The Stafford defense of Orlovsky transformed ‘First Take’ into an epic hot take.
The game on Monday night was essentially a referendum on Stafford’s offseason trade from the Detroit Lions to the Los Angeles Rams in exchange for Jared Goff and a plethora of first-round draft selections over multiple seasons. It was a significant thing, according to philosopher Ron Burgandy.
But things weren’t looking good for the Rams as Stafford led them to a 3-0 start. They went 5-4 over the following nine games, including a three-game losing run during which Robert Woods was gone for the season due to a knee injury and Stafford struggled as the club sought to bring Odell Beckham Jr. up to speed.
So it’s no surprise that last week’s NFL experts were all over the Cardinals, who are now dominating the division. The topic was posed to Stephen A. and Orlovsky, now an ESPN NFL commentator, on ESPN’s First Take: Who would you rather have on Monday night? Stafford or Kyler Murray?
Keep in mind that Stafford was 0-17 versus opponents with a five-game lead or greater before Monday’s game against the 10-2 Cardinals. 500, 0-9 versus teams with at least 10 victories, and 10-70 against teams with a winning record throughout the course of his career.
Kyler was taken by Smith, as it was by the rest of the globe.
Dan? Dan, however, did not.
Orlovsky went to bat for his old Lions buddy in a big, huge manner in a blazing take that left even the legendary Stephen A. dumbfounded.
“I want Matthew Stafford,” Orlovsky said emphatically. “I’m a team player, therefore I’ll never turn my back on Matthew Stafford.” I’m not the kind of man that wants everything to revolve around Stephen A. Smith, way Stephen A. does. My brother is Matthew Stafford. Matthew Stafford is a teammate, and I’d rather be wrong than turn my back on him.
“I’m looking for the 13th person.” 13th. I’ll say it again: 13th in yards all-time. Kyler Murray isn’t one of them. Matthew Stafford, who ranks 12th all-time in touchdowns, is the player I want. I want the guy who is now fourth in fourth-quarter comebacks and tenth all-time in NFL history.
“Kyler Murray is incredible.” He’ll be a superstar for a very long time. He’s also having a good season. Matthew Stafford is enjoying a better season than he was last year. He’s enjoying a stronger season than last year. You just mentioned Matthew Stafford is second in the NFL in terms of touchdowns. Matthew Stafford, please.”
Dan Orlovsky, take a bow: no one will ever question you again.

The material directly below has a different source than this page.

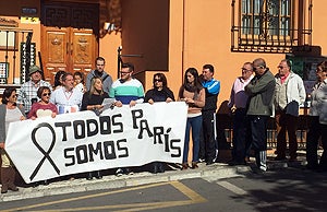 El Grupo Municipal Socialista de Huétor Vega participó este domingo en un minuto de silencio en la plaza del Mentidero en solidaridad con el pueblo francés y en repulsa por la cadena de atentados cometidos ayer por la noche en París.
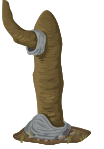 This features a large, odd-shaped tree trunk with a twisted and gnarled appearance. It has a thick brown bark that gives it an aged look. The trunk is positioned in the center of the scene, taking up most of the frame. There are several rocks scattered around the base of the tree, adding to its natural setting. Additionally, there is a small bird perched on one of the branches, giving life and movement to the otherwise still image.

Dan Orlovsky was mocked once again by the football world, much like how the other reindeer wouldn’t let Rudolph play reindeer games. You’re well aware of the situation. What’s more, guess what? Dan Orlovsky, a Shelton, Connecticut native and father of four, will always be a UConn Huskie… Dan Orlovsky was absolutely correct.
Stafford was outstanding in Monday night’s 30-23 win for the Rams. Without throwing an interception, he completed 23 of 30 passes for 287 yards and three touchdowns. On the first play of the third quarter, his long ball, a 52-yard touchdown pass to Van Jefferson, was a thing of beauty, giving the Rams the lead for good.
Stafford remarked after the game, “I felt good about it.” “There were a few items you clearly wanted back… “However, I thought we handled the game quite well.”
One thing is certain: Dan Orlovsky does not want anything back.
Pro Football Reference provided the statistics.